This blog originates on the banks of the Atchafalaya River, in Louisiana. It proposes to share the things that happen on and by the river as the seasons progress. As the river changes from quiet, warm, slow flow to rises of eighteen feet or more, there are changes in the lives of the birds, fish, amphibians and reptiles that use the river. And the mood of the river changes with the seasons. I propose to note and comment on these things.

My Photo
Location: Butte La Rose, Louisiana, United States

I transitioned a few years ago from a career as a water-pollution control biologist. I want to do this blog to stay in touch with a world outside my everyday surroundings, whatever they may be. I like open-minded company and the discussion of ideas. Photo by Brad Moon.

Thursday, December 11, 2008


The easiest and least complicated fishing apparatus to use has probably always been a hook tied to a simple line held in the hand. It’s not hard to imagine that tool being used for as long as there have been hooks made from deer bone and line made of some natural fiber. Evidence proving this comes from Native American sites all over North America. And the next step, that of tying the line to a limb or something else that would be limber enough to bend when pulled on by a fish, thereby relieving stress on the line and hook, is not hard to imagine either. The sportfishing industry is supported today by that set of just three things: a hook, a line and a pole or rod. All that has happened is that these tools have been modernized and diversified into an almost infinite number of variations. But, at bottom, they are just three parts of a successful mechanism evolved through practical trial and error to catch fish. And stripped of its chrome and graphite and monofilament, that description also describes the most basic commercial linefishing tool, the bushline, also known as the dropline.

Creating the bushline is simplicity itself. There is no more to it than finding a tree limb in the right place and tying on a piece of line, then tying a hook onto the end dangling a foot or so in the water.

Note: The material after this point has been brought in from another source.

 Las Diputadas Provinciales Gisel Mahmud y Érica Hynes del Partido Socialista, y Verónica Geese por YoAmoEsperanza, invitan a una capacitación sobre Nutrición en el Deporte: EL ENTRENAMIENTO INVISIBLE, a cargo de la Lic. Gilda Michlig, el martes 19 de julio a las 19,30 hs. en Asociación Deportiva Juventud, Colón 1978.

To be effective the bait must be presented in a way that is attractive to catfish and in the right place. To the Myette Point people, the catfish being sought was the flathead, or goujon, and in some cases the blue catfish, both of which prefer territories near structure of some kind, usually a log or stump in the water. Both of these species reach large size, exceeding 70 pounds, and both are aggressive predators that readily take live bait. Because of their size they were much sought after by fishermen in the Basin. When fishing them, there was a lot of visual excitement caused by seeing evidence of a big fish on the line even before you reached it in your pirogue. The line would be tied to a long, slim cypress limb maybe four feet above the water. Edward Couvillier describes the fun of doing this.

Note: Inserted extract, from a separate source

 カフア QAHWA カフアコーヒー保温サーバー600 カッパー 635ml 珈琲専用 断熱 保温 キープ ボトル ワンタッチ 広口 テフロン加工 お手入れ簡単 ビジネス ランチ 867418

I seen, on a cypress limb, a big old cypress limb…not a big one, you know, small, but it would be long? You tie a bushline on there. You go back the next morning, look up there [at the limb above your head], and you see water drippin off of that limb. Well, you know there’s a fish on it. A goujon can take it, he go under the water with it. He take it, go plumb under the water with that limb. When it would come back up, the water would drip off it. You get there in that pirogue and you see that sucker up there…! [excited] In pirogue too, hoss.

And maybe the excitement didn’t end there.

I remember one time I put a line, I was on a ridge, you know? I got there next mornin. Didn’t have but about that much water [two feet], and that sucker was stiff! I mean that sucker [was] straight down! Boy, I looked at that, and pulled up there, I mean, I pulled that sucker up real slow…had about a seven foot alligator. [laughs]. Boy, he just took off, he ain’t never stopped! He just pulled off. I wasn’t that very big either, just a kid. I was already scared of em.

Picture notes: Snow this morning in south Louisiana made national news. And it was spectacular. On the bird feeder in our backyard I count 15 Cardinals and one cryptic Blue Jay. We got about an inch right before daylight and it began melting shortly after. It’s nice to know you have a warm place to come back to if you choose to venture out. The black and white visitor also came in the night last night. It is the first one to come up onto the porch that I know of.